Beilein roomed with Martin during the trip, sharing what Beilein described as a “dorm room.” In a way, there is a connection between the pair — Martin took over at Kansas State after former coach Bob Higgins left to fill Beilein’s spot at West Virginia.
“We stayed awake talking about basketball and woke up talking about basketball,” Beilein said. “It was great. I think that we have a bond right now that will last forever. A lot of inside jokes about our time together.”
Held every other year, the World University Games are for any athlete who has been a student in the past year. This year’s roster included fellow Big Ten players, like Michigan State forward Adreian Payne and Iowa center Aaron White as well as Indiana’s Yogi Ferrell and Will Sheehey.
“Anyone that we played against last year, there was a great connection, and there was some ribbing now and then, but it was good,” Beilein said. “Between Yogi being the point guard — I recruited Yogi a little bit — Will Sheehey I had recruited as well, so it was good.
“I did do some offensive things, I gave them the names we give them, and so I think that they probably will recognize some of those things if they retain it. I certainly remembered some things they do well and don’t do well and may keep that in my brain sometime.”

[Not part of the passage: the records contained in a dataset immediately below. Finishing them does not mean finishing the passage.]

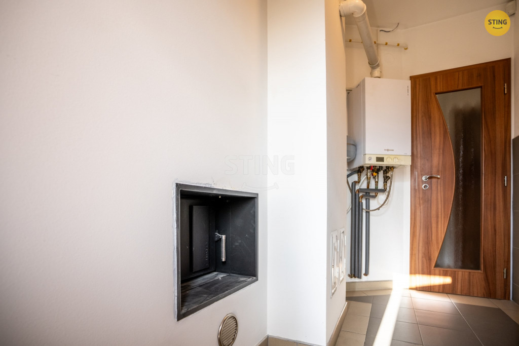 vstupem zvenku a navazující přístřešek pro druhé auto. Vytápění je
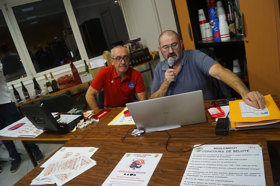 52 doublettes se sont affrontées vendredi soir à la caserne pour le concours de belote organisé par l'amicale des pompiers, présidée par le sergent-chef Julien Polturat, et ouvert aux civils. Un moment bien sympathique avec concentration, plaisir et discipline qui s'est terminé par un repas pris en commun concocté Jean-Claude dans la cuisine de la caserne.
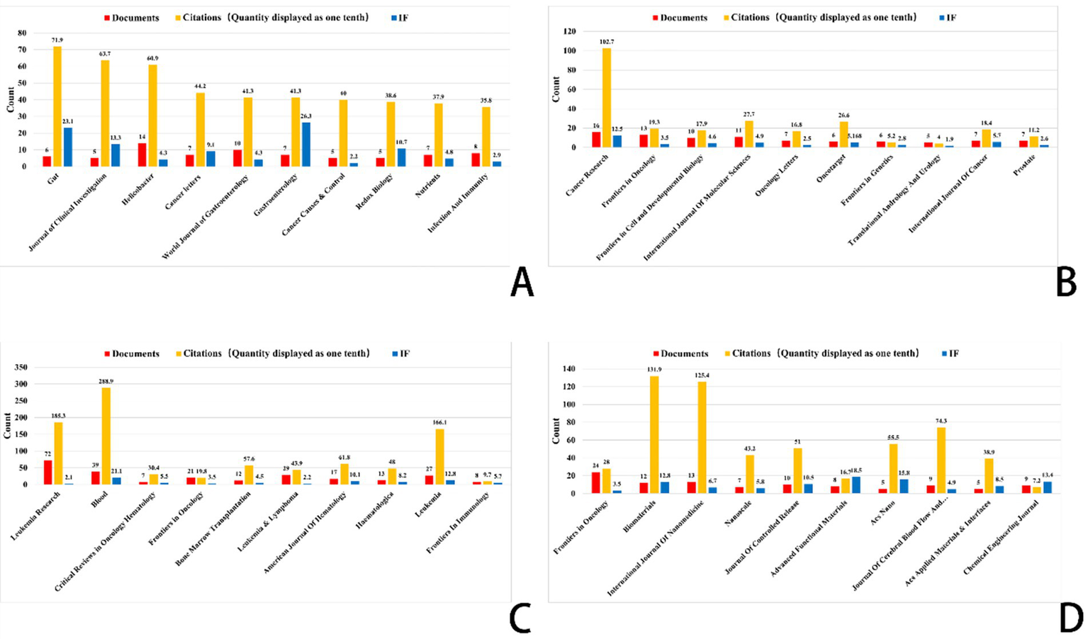 Top 10 organizations related to gastric cancer, prostate cancer, leukemia, and brain tumor. (A) Ferroptosis research in gastric cancer. (B) Ferroptosis research in prostate cancer. (C) Ferroptosis research in leukemia. (D) Ferroptosis research in brain tumors.
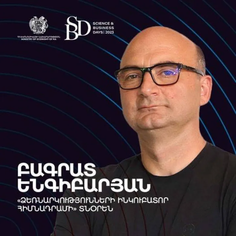 «Ձեռնարկությունների ինկուբատոր հիմնադրամի» տնօրեն Բագրատ Ենգիբարյանը Էկոնոմիկայի նախարարության նախաձեռնությամբ անցկացվող «Գիտության և գործարարության օրեր 2023» ամենամյա համաժողովի բանախոսներից է:

Also included on the roster was Louisville forward Luke Hancock, who scored 22 points en route to being named the MVP of the Final Four. Hancock is most known for going 5-for-5 from behind the arc as Louisville erased a 12-point deficit to win the national championship game, but as Beilein noted, he lacked the touch during training.
“Obviously when I went to the tryouts at the Olympic training center and Luke Hancock couldn’t make a shot for three days,” he said, “that affected me a little bit.”
Beilein is also thankful that he can return to Michigan with his coaching staff still in tact.
Assistant coach LaVall Jordan, who had reportedly been a candidate for the head coaching position at Butler, ultimately stayed with the Wolverines. Though Jordan is an alum of Butler, the Bulldogs opted to hire from within, choosing assistant Brandon Miller.
“That was a very unique situation at his alma mater that he’d be interested in,” Beilein said. “If he would have been selected and he would have taken it, I would have understood 100 percent.
“That being said, that next day he was on the phone with me, talking about the whole recruiting dynamic going on right now. He jumped right back in and said, ‘This is where I want to be, this is where I want to coach.’ ”
Finally, Beilein is thankful to have signed a new contract extension that keeps him through the 2018-19 season — when he turns 66.
Since 2007, Beilein has compiled a .599 winning percentage, tying a program-best with 31 wins last year.
“My plan was to at least coach six more years,” Beilein said. “So that the 2015 class, that’s the class we’re recruiting now — along with the 2014s — I wanted to coach all those guys.
“That was sort of the plan we put in mind. Obviously you had to dot some ‘I’s’ and cross some ‘T’s’ and there was no rush, but I was really pleased we were able to work it out.”
But he also noted that the contract also arose out of need. According to Beilein, the move was important to the future of the program in an environment that stresses recruiting further into the future.
“I think back in the day when you weren’t looking at top 2015-2016 kids, this was big,” he said. “With young men committing earlier, just looking at the long range, they want to see who’s going to be coaching there. That’s the only plan that we have.”
And Beilein can be most thankful that his new contract will be his most lucrative yet. His contract is worth $2.45 million per year, which is probably more than he could have dreamed of when he began working at Newfane High School as a football, basketball and baseball coach for $7,900.
Most importantly, Beilein is just thankful to get back to work today.
“I’ve made all these trips (this summer) and all these miles and all these red-eyes and I couldn’t wait to get back to work (Monday),” he said. “I was up early this morning, couldn’t wait to get to work today. And I can’t wait to go recruiting tomorrow.”